2. Create a conda environment

Create a Conda environment with Python 3.11 to ensure reproducibility.

conda create -n fedpydeseq2_paper_experiments python=3.11
conda activate fedpydeseq2_paper_experiments

3. Install poetry

Install Poetry to manage dependencies.

conda install pip
pip install poetry==1.8.2

4. Install dependencies

Install the necessary dependencies using Poetry, including the linting group if needed.

poetry install --with linting

5. Download the data

To download the raw data, please use the provided command fedpydeseq2-download-data to download it to the desired path.

fedpydeseq2-download-data --raw_data_output_path <path>

You can pass the conda activation path as an argument as well, for example:

fedpydeseq2-download-data --raw_data_output_path <path> --conda_activate_path /opt/miniconda/bin/activate

How to use this repository

This repository provides three main commands once installed:

  1. run-dge-gsea:

    • Executes Differential Gene Expression (DGE) experiments and performs Gene Set Enrichment Analysis (GSEA) on the DGE results.
    • Requires an experiment configuration file and a paths configuration file.
  2. make-fedpydeseq2-remote-script:

    • Generates the necessary scripts to run fedpydeseq2 on a remote server for real Federated Learning (FL) execution.
    • Requires an experiment configuration file and a paths configuration file.
  3. make-plots:

    • Creates the desired figures based on the DGE and GSEA results, as specified in the configuration file.
    • Requires an experiment configuration file and a paths configuration file.

Each of these commands can run on an experiment configuration file and a paths configuration file.

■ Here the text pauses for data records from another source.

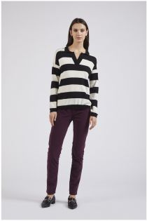Gestreifter pullovers mit knopfleiste und langen ärmeln. gestrickt aus viskosegarn.
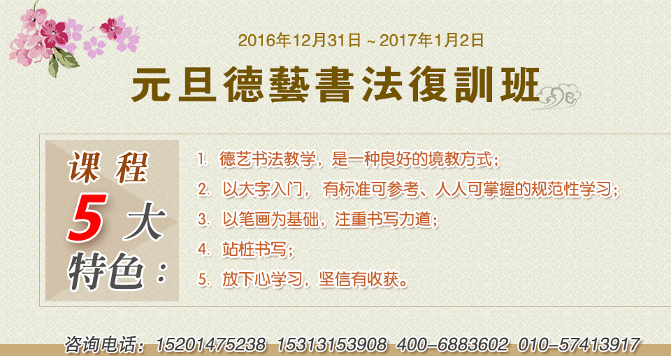 2016年12月31日~2017年1月2日,北京誠敬仁特開辦為期三天的德藝書法復(fù)訓(xùn)班,教學(xué)指導(dǎo)老師為北京誠敬仁著名書法教育家楊淑芬老師培養(yǎng)的優(yōu)秀書法老師。歡迎廣大書法愛好者不要錯過此提升的良機(jī),相信在與老師和學(xué)友們面對面的交流學(xué)習(xí)中,在執(zhí)教經(jīng)驗(yàn)豐富的老師們的引導(dǎo)下,您能迅速地找出學(xué)習(xí)中的不足,并在共同學(xué)習(xí)的良好氛圍中集中心力突破書學(xué)的瓶頸,不但有增上書藝之功,更讓自己的身心靈在傳統(tǒng)文化的墨香意蘊(yùn)中度過一段別樣的旅程。
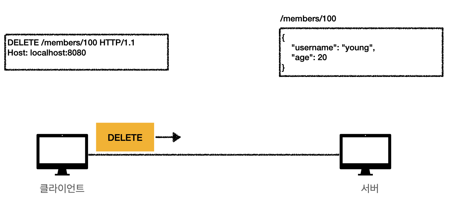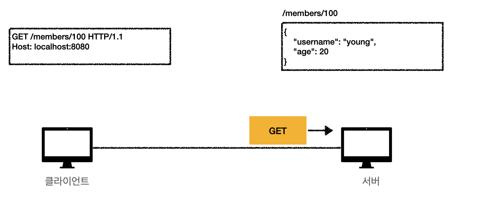 만약 서버에 위와 같이 GET/members/100 HTTP/1.1이라는 요청을 보낸다면, 서버는 100번에 해당하는 멤버를 가져옵니다.

Alternatively, you can provide just the experiment name which will point to the configuration file.

Configuration files

  1. Experiment configuration file:

    • Sets up an experiment to compare different DGE methods using the same settings defined by pydeseq2_parameters.
    • Configures the GSEA run for this comparison.
    • Specifies the figures to be created from the DGE and GSEA results.
  2. Paths configuration file:

    • Specifies the paths where the raw data is stored, which is used to run the DGE experiments.
    • Defines where to save the results for each experiment.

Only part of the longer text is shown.